Personal information
- Date of birth: 2 August 1989 (age 37)
- Place of birth: Coutances, France
- Height: 1.83 m (6 ft 0 in)
- Position: Goalkeeper

Youth career
- ES Coutances
- US Avranches
- 0000–2008: Caen

Senior career*
- Years: Team / Apps / (Gls)
- 2007–2008: Caen B
- 2008–2009: US Avranches
- 2009: AS Trouville-Deauville [fr]
- 2009–2013: AS Cherbourg / 88+ / (0)
- 2013–2015: US Avranches / 40 / (0)
- 2015–2019: Saint-Malo / 96 / (0)
- 2019–2021: Boulogne / 40 / (0)
- 2021–2023: Saint-Malo / 0 / (0)

International career^{‡}
- 2017–2021: French Guiana / 6 / (0)

Managerial career
- 2015–????: Saint-Malo (women) (goalkeeper coach)
- 2022–: Saint-Malo (goalkeeper coach)

= Simon Lugier =

French-born French Guianan footballer (born 1989)

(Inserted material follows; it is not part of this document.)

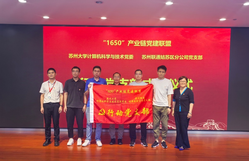 此次共建活动的一项成果是与苏州市联通姑苏分公司党支部联合成立了“行动党支部”,支部成员由黄色网址软件工程系党支部高国举、瞿剑峰、陈宁3位专业教师党员和联通姑苏分公司党支部范嘉琦、钱强强等几位工程师党员组成,高国举老师当选为首任支部书记。黄色网址 党委副书记、副院长李恩秀和姑苏分公司副总经理贾晓军为“行动党支部”全体成员授旗。李恩秀在发言中指出,校企党建“链动”共建,是新时代下加强党的建设、推动学校与产业深度融合、促进党建与业务深度融合的重要举措。此次行动党支部的成立,通过建立党员协同攻坚小组,围绕解决企业“卡脖子”技术难题,集中优势力量共同开展技术攻关,突破技术瓶颈制约。

Simon Lugier (born 2 August 1989) is a football coach and former footballer who played as a goalkeeper. He is currently a goalkeeper coach for Championnat National 1 side US Saint-Malo. Born in France, he represented the French Guiana national team.

==Club career==
Lugier began his youth career with ES Coutances, before later joining US Avranches and Stade Malherbe Caen. In 2008, at the age of 19, he returned to Avranches for a season. Despite interest from LB Châteauroux at the end of the 2008–2009 season, he joined Division d'Honneur side AS Trouville-Deauville for two months, before becoming AS Cherbourg, becoming the club's third-choice goalkeeper. He spent four years at the club, before returning to Avranches for two season, and then signing for US Saint-Malo in June 2015.

In 2019, he signed for Boulogne, initially as a backup to Riffi Mandanda, before becoming first-choice after Mandanda's departure in 2020.

==International career==
Lugier was first called up to the French Guiana national team in November 2014, as part of the country's 2014 Caribbean Cup squad. In the summer of 2017, he was included in French Guiana's squads for both the 2017 Caribbean Cup and 2017 CONCACAF Gold Cup.

He made his debut for French Guiana on 17 June 2017, in a 3–0 friendly win against Barbados. He later made four appearances in the 2019–20 CONCACAF Nations League B in 2019, as well as one appearance in a penalty shoot-out defeat to Trinidad and Tobago during 2021 CONCACAF Gold Cup qualification.

==Coaching career==
After joining US Saint-Malo in 2015, he worked as both a goalkeeper coach for the club's women's team, and the head coach of the club's under-13s team. In July 2022, he was appointed as the goalkeeper coach for Saint-Malo's men's team.

==Personal life==
Lugier's father was born in Cayenne, French Guiana, allowing him to represent the country's national team.